Interesting Finds In general, the calls to the Fire Department have been increasing year over year, even when normalizing for population growth.

image There is also some seasonality of the data, with peaks at the beginning of each season and lows mid-season.

image However, when looking into 2020, the call volume seems to have dropped, but this is also due to the fact that it is the “low” part of the seasonal volume, and we would expect to see an uptick in April based on current trend.

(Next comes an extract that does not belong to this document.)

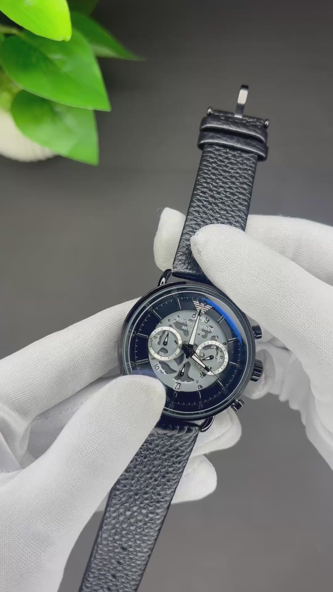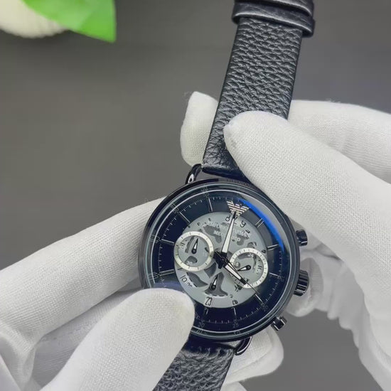 Emporio Armani Meccanico Black Leather Chronograph Watch ⌚️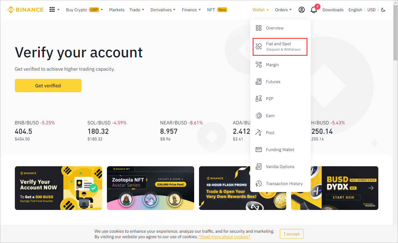 - Click the “Wallet” dropdown and select “Fiat and Spot” (Figure 4).

Because of this, I will proceed with hypothesis testing only comparing dates after the stadium opened.

image

Dataset 2: Police Incidents

Report 1 (2003 - 2018)

 -2215024 entries, 33 columns

-Do not have zip code or neighborhood, only address, Latitude & Longitude


Report 2 (2018 - Present)

-332828 entries, 36 columns

-Categories of Interest: 'Non-Criminal','Stolen Property','Miscellaneous Investigation','Other Miscellaneous’, 'Assault', 'Larceny Theft', 'Malicious Mischief', 'Disorderly Conduct', ‘Other', 'Suspicious Occ', 'Disorderly Conduct','Traffic Collision', 'Liquor Laws', 'Fire Report', 'Suspicious'


Data Cleaning

Calculated the harversine distance between the latitude/longitude of all rows in data and the known latitude/longitude of all zipcodes in SF. Was able to estimate the zipcode in order to narrow down to the same zipcodes used for the Fire Department Analysis.

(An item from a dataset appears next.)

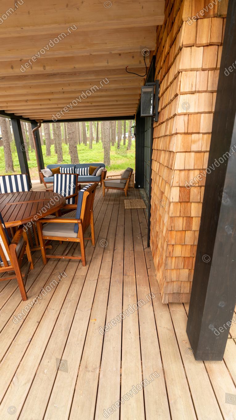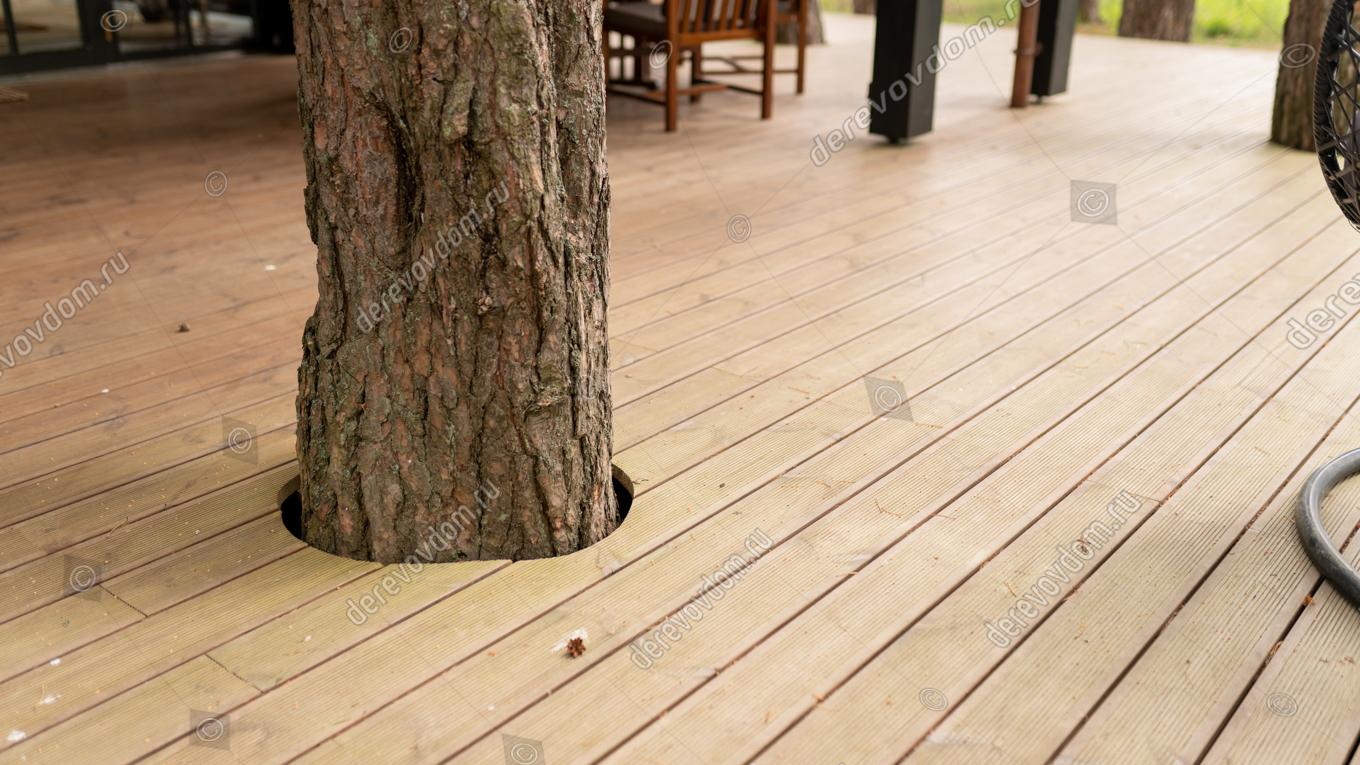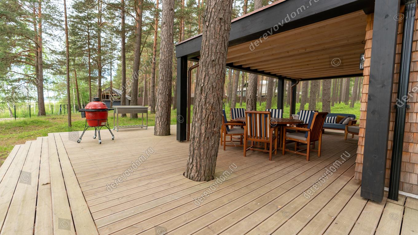 Красивая терраса из термососны, которая объединила в себе функционал, эргономику, красоту и ваш комфорт. Терраса с растущими сквозь нее соснами прилегает к беседке со всех сторон, придает ей завершенность.

General EDA on Police Incidents as a whole
In general, crime experienced a steep decline up until 2011, where it has gradually increased and is relatively flat since 2013 and actually decreasing since the Chase Stadium Opened. Similar seasonality seen with Fire Department Calls, though it general with normalizing it looks like crime went down.

image image
Dogpatch/Mission Bay Data from before and after Stadium opening
Similar to the Fire Service Call Data, when looking into 2020, the volume seems to have dropped, but unlike the Fire Service Call data, there is not an obvious uptick in the winter, and instead is a gradual dropping of crime.

image

Dataset 3: Events at Chase Center Stadium Data

Dataset was scraped from ChaseCenter.com/events in the form of a json file

-Data: 92 rows, 25 columns

-Contained the dates & names for each event held at the Chase Stadium since opening.
-Used pandas to cut the json file down to 77 rows & 5 columns of relevant information.

Hypothesis Testing


Null Hypothesis: Fire Department Calls & Police Incidents during event dates = non-event dates
Alternative Hypothesis: Fire Department Calls & Police Incidents during event dates > non-event dates
Alpha: 0.05
Methodology: Conducted MannWhitneyU Test and T-Test on both sample populations (#Calls/Incidents on Event Dates vs. #Calls/Incidents not on event dates), due to different sample sizes & standard deviations.

image image

Distribution of Fire Service Calls & Police Incidents were roughly normally distributed, but indicated some outliers. Below are the distributions prior to removing the outliers. 2 extreme outliers on 12/21/2019 & 1/11/2020 were removed from the datasets before additional analysis.

image image

Results: Fire Department Calls

Number of Event Dates: 75, Number of Non-Event Dates: 134
Incidents on Event Dates: 15761, Incidents not on Event Dates: 24776

-MannWhitneyU Test Result : pvalue = 0.069 -> Not-Significant
-T-Test Statistic & Distribution: pvalue = 0.044 -> Significant
Based on the T-Test, we can conclude that Event Dates have a higher number of daily Fire Department Service Calls than Non-Event Dates.

image

Results: Police Incidents

Number of Event Dates: 75, Number of Non-Event Dates: 138
Incidents on Event Dates: 3337, Incidents not on Event Dates: 5483

-MannWhitneyU Test Result : pvalue = 0.0262 -> Significant
-T-Test Statistic & Distribution: pvalue = 0.0096 -> Significant
Based on the T-Test, we can conclude that Event Dates have a higher number of daily Police Incidents than Non-Event Dates.

image

What about effects of Shelter In Place?

The data was captured from 9/6/2019 - 3/31/2020. Major Tech companies started having employees work from home around early March, and official Shelter In Place measures were enacted 3/19/2020. How did that impact calls/incidents?
-MannWhitneyU Test Result (Fire Service): pvalue = 0.15 -> Not Significant
-MannWhitneyU Test Result (Police Incidents): pvalue = 0.10 -> Not Significant
-T-Test Statistic & Distribution (Fire Service) : pvalue = 0.11 -> Not Significant
-T-Test Statistic & Distribution (Police Incidents) : pvalue = 0.11 -> Not Significant
Based on the results of all hypothesis tests after accounting for Shelter In Place, we can conclude that there is not a significant difference in the daily Fire Department Service Call volume or Police Incidents between Event & Non-event dates.

image image

Bonus: Basketball, or Concerts - Which causes more trouble?

image image
-MannWhitneyU Test Result (Fire Service): pvalue = 0.078 -> Not Significant
-MannWhitneyU Test Result (Police Incidents): pvalue = 0.16 -> Not Significant
-T-Test Statistic & Distribution (Fire Service) : pvalue = 0.10 -> Not Significant
-T-Test Statistic & Distribution (Police Incidents) : pvalue = 0.26 -> Not Significant
No significant difference between Basketball Events or Concerts in Fire Department Call volume or Police Incidents.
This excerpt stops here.